**Your instructions**
Retype nothing except the lines below from the one with "Dit stoere dressoir" through the one with "The numbers behind", exactly, with images left out.

**Records to process**
+--

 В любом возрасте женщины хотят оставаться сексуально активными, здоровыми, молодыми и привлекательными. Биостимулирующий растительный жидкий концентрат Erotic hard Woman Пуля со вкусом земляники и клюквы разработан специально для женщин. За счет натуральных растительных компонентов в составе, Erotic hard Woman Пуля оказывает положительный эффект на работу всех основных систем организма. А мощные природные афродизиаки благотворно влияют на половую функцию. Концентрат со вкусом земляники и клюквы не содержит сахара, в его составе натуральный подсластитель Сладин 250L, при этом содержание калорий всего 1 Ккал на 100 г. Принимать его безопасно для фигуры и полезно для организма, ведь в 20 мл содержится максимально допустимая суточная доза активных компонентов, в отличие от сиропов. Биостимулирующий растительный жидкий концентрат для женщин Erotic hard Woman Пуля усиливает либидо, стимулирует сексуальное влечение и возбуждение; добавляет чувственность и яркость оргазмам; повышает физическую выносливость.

+--

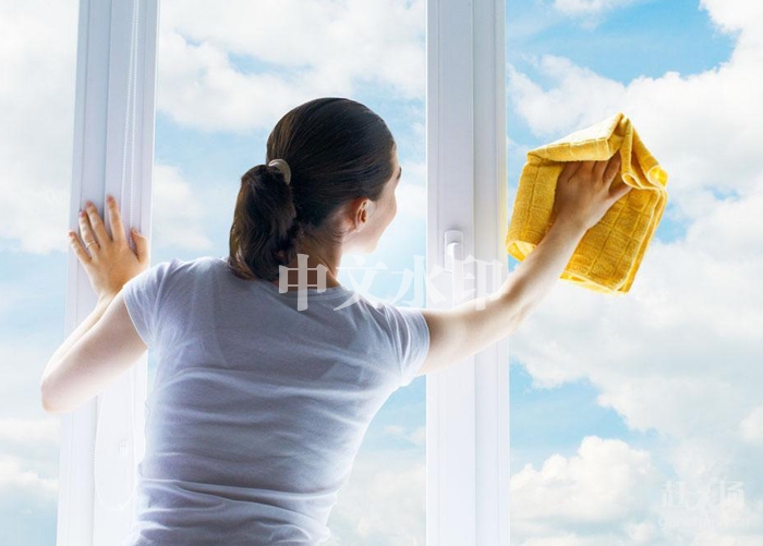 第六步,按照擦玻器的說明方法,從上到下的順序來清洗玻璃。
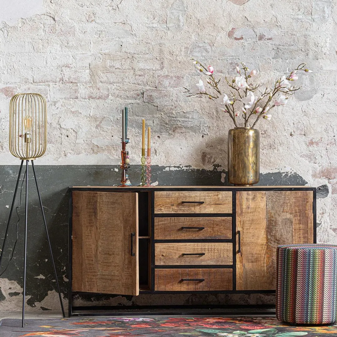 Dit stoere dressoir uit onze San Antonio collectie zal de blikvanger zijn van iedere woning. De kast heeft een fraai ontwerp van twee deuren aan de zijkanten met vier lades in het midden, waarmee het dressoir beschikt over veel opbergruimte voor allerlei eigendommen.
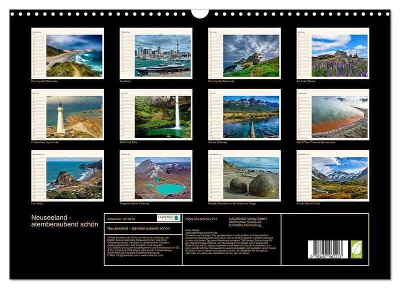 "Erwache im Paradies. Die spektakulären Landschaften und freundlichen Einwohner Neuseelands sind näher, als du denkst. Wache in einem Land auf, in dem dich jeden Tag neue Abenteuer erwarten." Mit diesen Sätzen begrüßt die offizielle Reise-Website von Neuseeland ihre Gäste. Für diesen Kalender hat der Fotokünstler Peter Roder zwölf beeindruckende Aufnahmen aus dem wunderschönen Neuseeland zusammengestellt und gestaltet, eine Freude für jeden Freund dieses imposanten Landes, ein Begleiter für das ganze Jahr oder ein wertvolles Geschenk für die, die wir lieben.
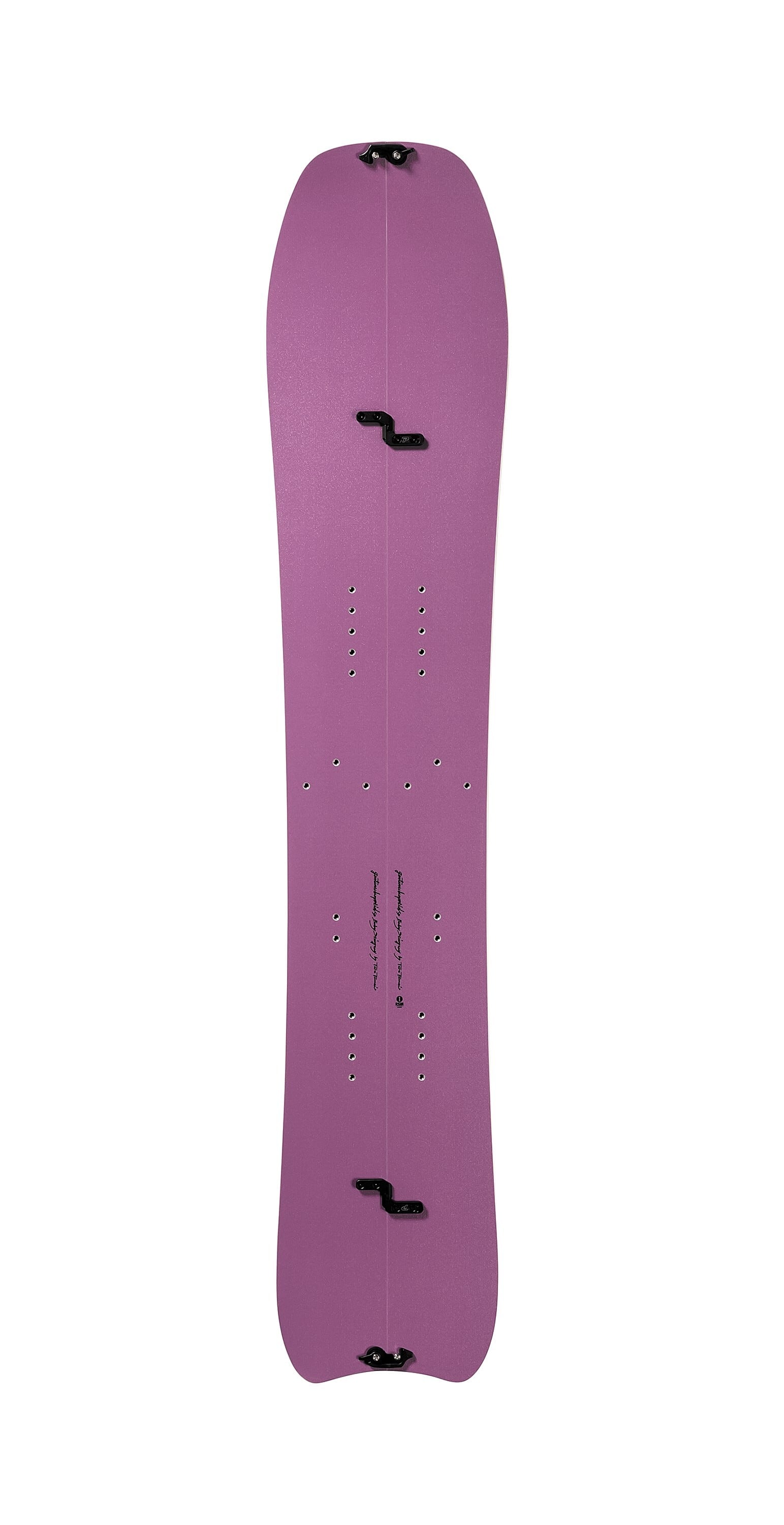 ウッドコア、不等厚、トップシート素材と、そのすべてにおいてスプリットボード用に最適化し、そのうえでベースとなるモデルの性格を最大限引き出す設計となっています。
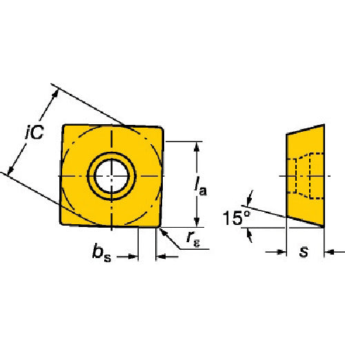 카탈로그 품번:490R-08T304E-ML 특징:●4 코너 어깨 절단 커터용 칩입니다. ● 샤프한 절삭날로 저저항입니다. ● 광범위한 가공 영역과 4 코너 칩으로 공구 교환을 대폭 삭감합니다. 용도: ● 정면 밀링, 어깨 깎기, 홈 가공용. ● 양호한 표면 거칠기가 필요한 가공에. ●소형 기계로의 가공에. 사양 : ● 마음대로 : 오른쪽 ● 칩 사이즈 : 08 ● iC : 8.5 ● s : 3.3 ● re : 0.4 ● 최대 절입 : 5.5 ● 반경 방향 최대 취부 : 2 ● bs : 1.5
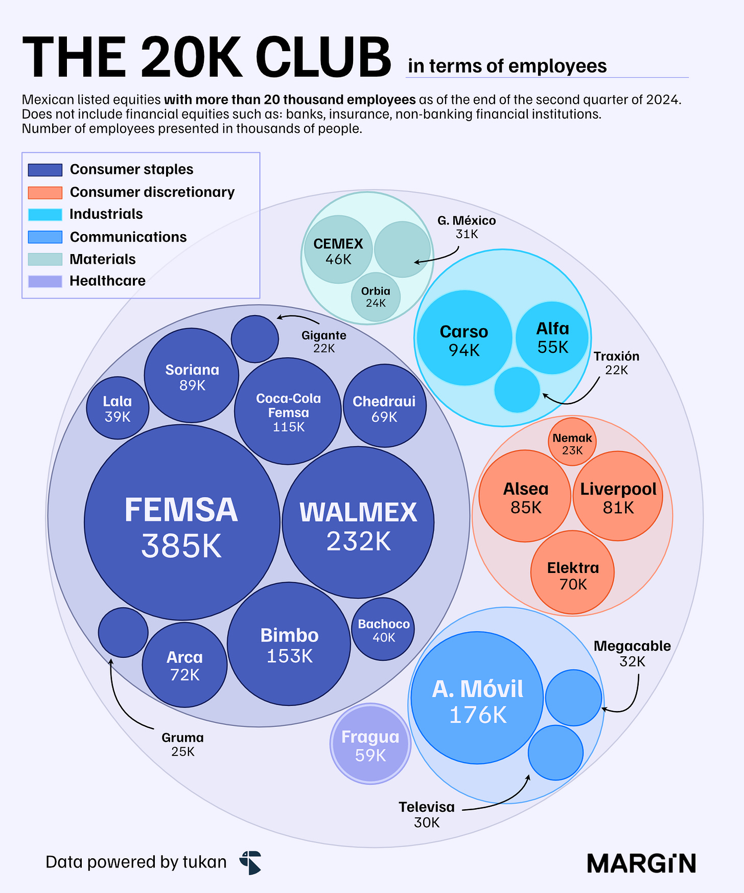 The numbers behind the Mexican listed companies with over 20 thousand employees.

+--

**Solution to this problem**
 Dit stoere dressoir uit onze San Antonio collectie zal de blikvanger zijn van iedere woning. De kast heeft een fraai ontwerp van twee deuren aan de zijkanten met vier lades in het midden, waarmee het dressoir beschikt over veel opbergruimte voor allerlei eigendommen.
 "Erwache im Paradies. Die spektakulären Landschaften und freundlichen Einwohner Neuseelands sind näher, als du denkst. Wache in einem Land auf, in dem dich jeden Tag neue Abenteuer erwarten." Mit diesen Sätzen begrüßt die offizielle Reise-Website von Neuseeland ihre Gäste. Für diesen Kalender hat der Fotokünstler Peter Roder zwölf beeindruckende Aufnahmen aus dem wunderschönen Neuseeland zusammengestellt und gestaltet, eine Freude für jeden Freund dieses imposanten Landes, ein Begleiter für das ganze Jahr oder ein wertvolles Geschenk für die, die wir lieben.
 ウッドコア、不等厚、トップシート素材と、そのすべてにおいてスプリットボード用に最適化し、そのうえでベースとなるモデルの性格を最大限引き出す設計となっています。
 카탈로그 품번:490R-08T304E-ML 특징:●4 코너 어깨 절단 커터용 칩입니다. ● 샤프한 절삭날로 저저항입니다. ● 광범위한 가공 영역과 4 코너 칩으로 공구 교환을 대폭 삭감합니다. 용도: ● 정면 밀링, 어깨 깎기, 홈 가공용. ● 양호한 표면 거칠기가 필요한 가공에. ●소형 기계로의 가공에. 사양 : ● 마음대로 : 오른쪽 ● 칩 사이즈 : 08 ● iC : 8.5 ● s : 3.3 ● re : 0.4 ● 최대 절입 : 5.5 ● 반경 방향 최대 취부 : 2 ● bs : 1.5
 The numbers behind the Mexican listed companies with over 20 thousand employees.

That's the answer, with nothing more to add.